R in general isn't fantastic for handling massive data sets, but this is definitely something we want to fix in future versions. You might be able to sidestep some of these issues by getting your matched sets, then removing all of the units that aren't included in those sets and then re-running PanelMatch on that smaller data set. It's a bit hacky, but I can lay out more precise steps to try that out if there's not an obvious quick fix.
Hey @adamrauh, thanks for your quick reply. I updated my version of PanelMatch within the past few weeks; more recently than January. My dataset is a 342.5 Mb csv file.

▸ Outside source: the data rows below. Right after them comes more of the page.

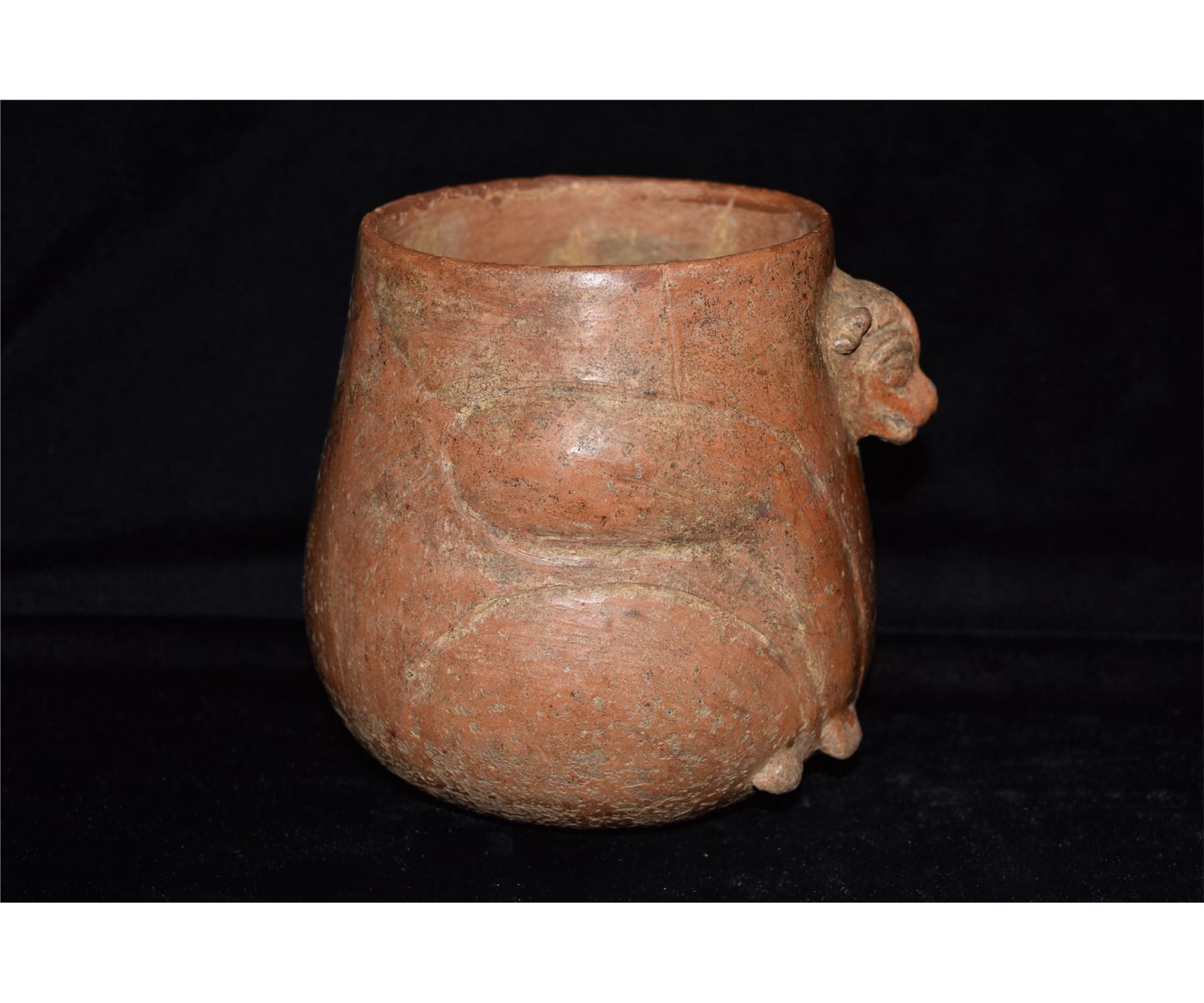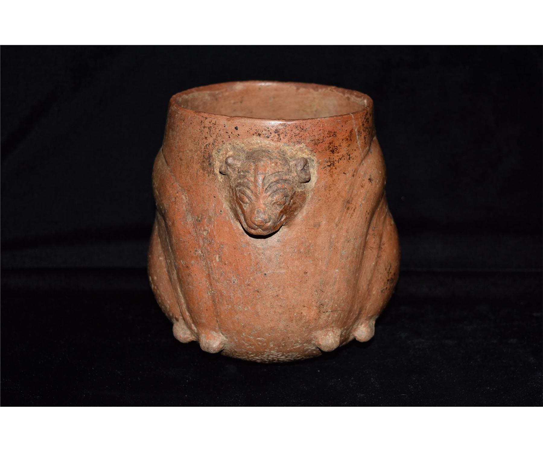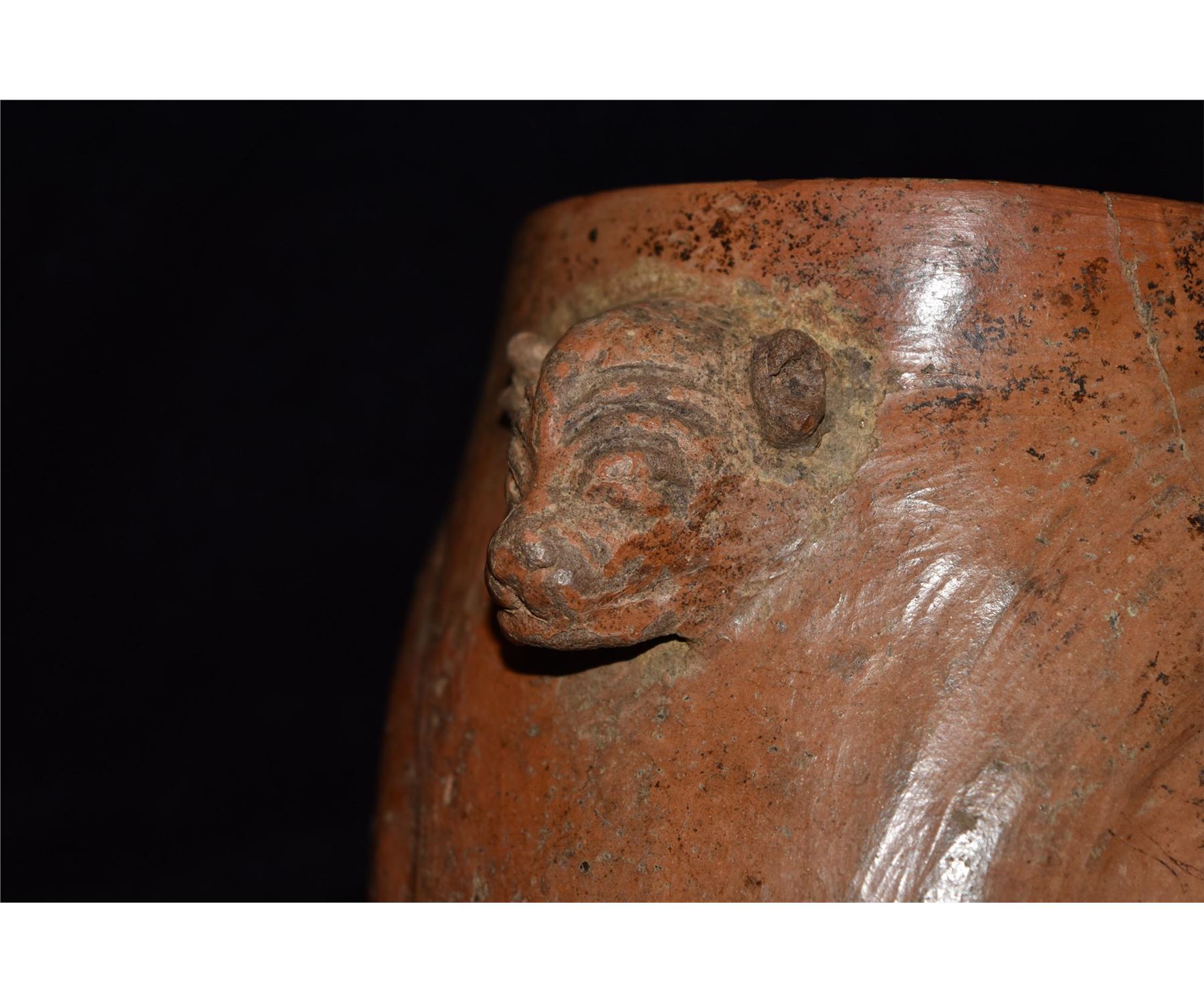5 3/4" Tall Mayan Vessel, Cougar Effigy, Beautifully
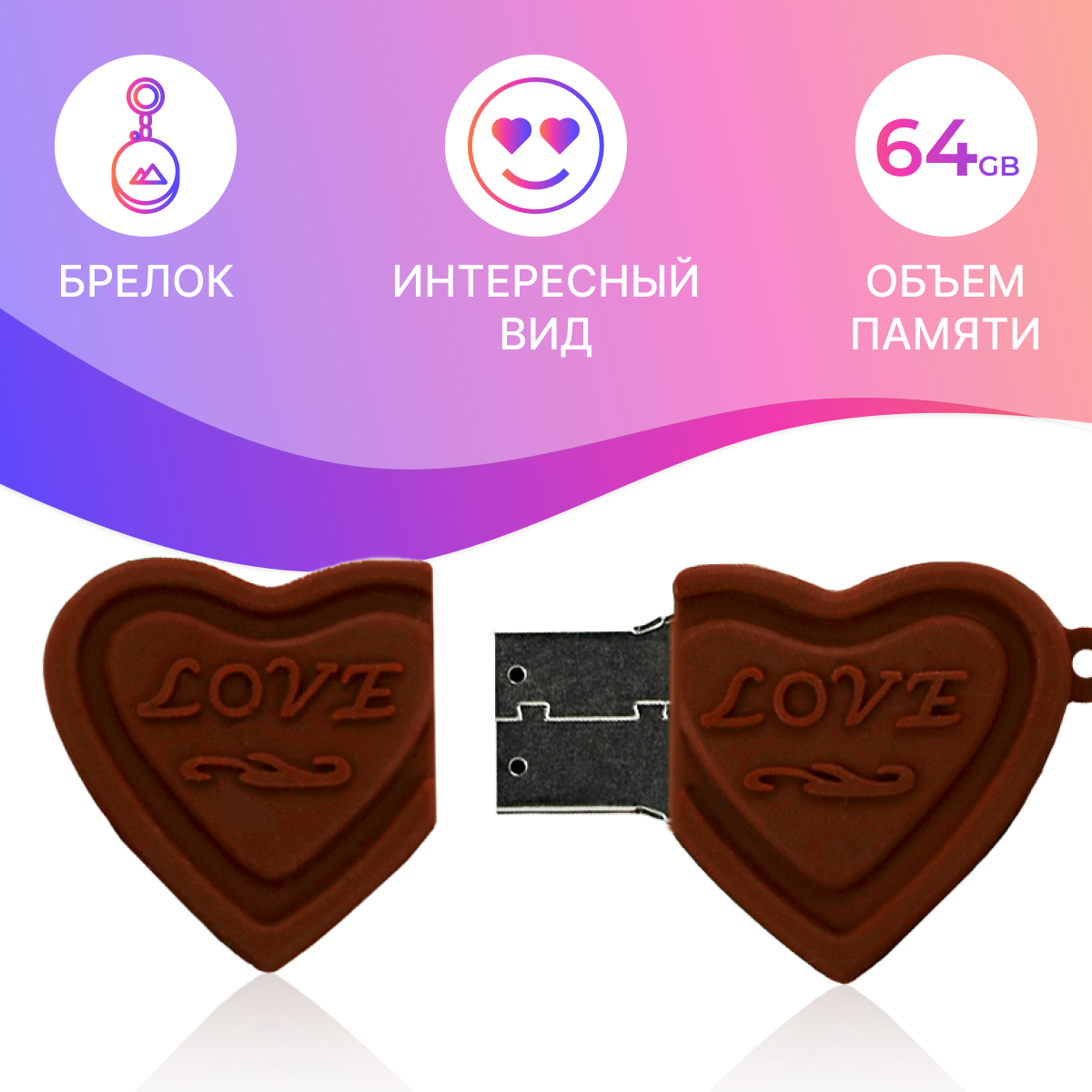 10 цен на Флешка USB 64GB / Оригинальная подарочная флешка ЮСБ 64 ГБ / Флеш накопитель / USB Flash Drive (Two hearts)
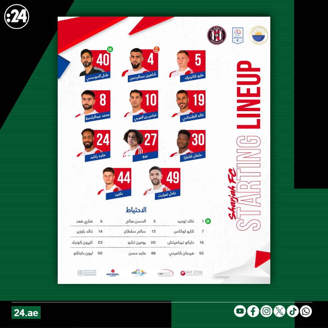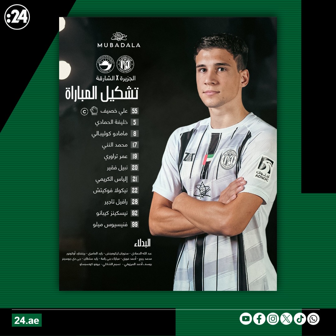 تشكيلتا الشارقة و الجزيرة في #دوري_أدنوك_للمحترفين
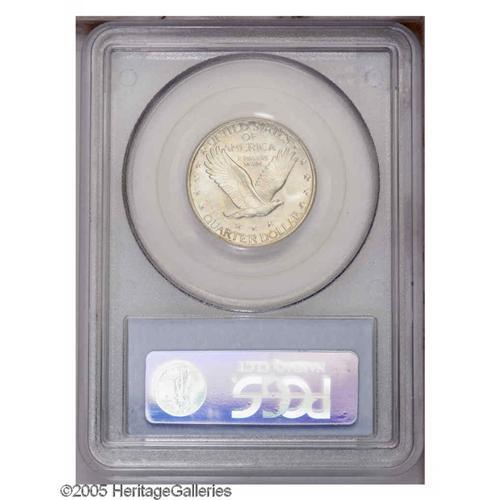 <B>1930<25C> MS66 Full Head PCGS.</B></I> The head is razor-sharp, and only the usual pair of shield rivets are not assertively struck. This lustrous final year Standing Liberty Quarter possesses pastel powder-blue and gold tints. Marks are present but not consequential.
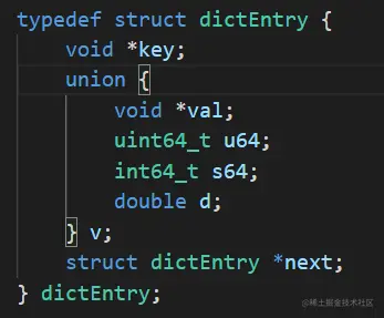 上面我们看到数组中的节点信息,是 dictEntry 结构,属性分别是这些意思:
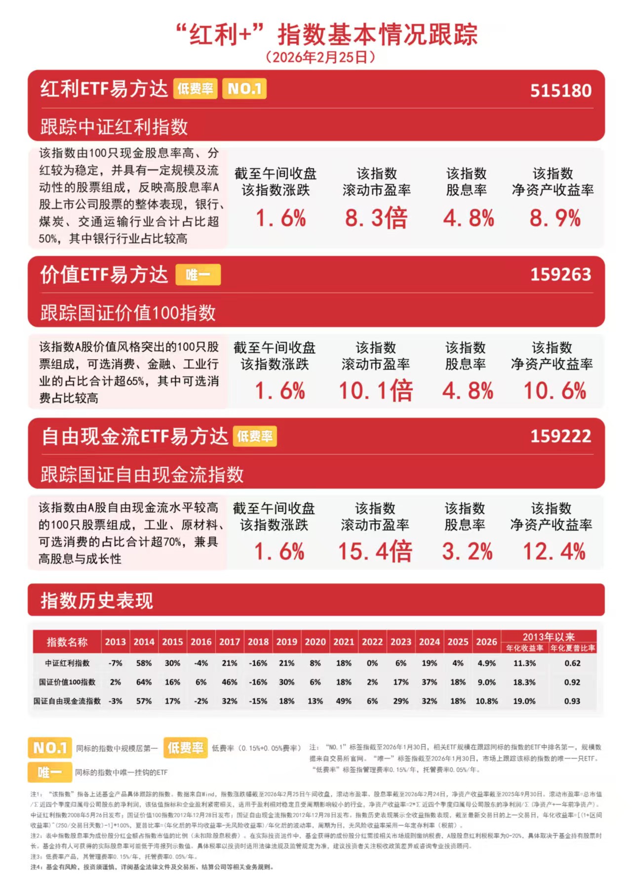 国证价值100指数采用“高分红+高自由现金流+低市盈率”三维筛选体系,优选价值标的,历史表现稳健;国证自由现金流指数则采用自由现金流率进行选样,兼具高股息与成长性。价值ETF易方达(159263)和自由现金流ETF易方达(159222)分别跟踪以上指数,可助力投资者把握相关风格投资机遇。

It has 1,612,302 observations of 36,218 units over 74 periods. It includes 58 variables, but I am only using ~15 of those in my analysis for the time being. I was setting size.match = 10, but have reduced it to 5. I have also begun doing some exact matching, which seems to help some, but I still cannot run my analysis on the full dataset.
The error messages I'm getting are either "Error: vector memory exhausted (limit reached?)"or "Error: cannot allocate vector of size 1.2 Mb" which seems quite small. I have also had RStudio suddenly terminate after showing me the dreaded bomb with a burning fuse...
I'd appreciate more precise steps for your hack if you have them available.
Thanks again for your help, Avery
I think this is a Windows machine issue. See if you can find out some advice on the Internet.
I'm running into issues with the limited memory of my computer when running PanelMatch. Do you have any suggestions for running PanelMatch on large datasets? Thanks!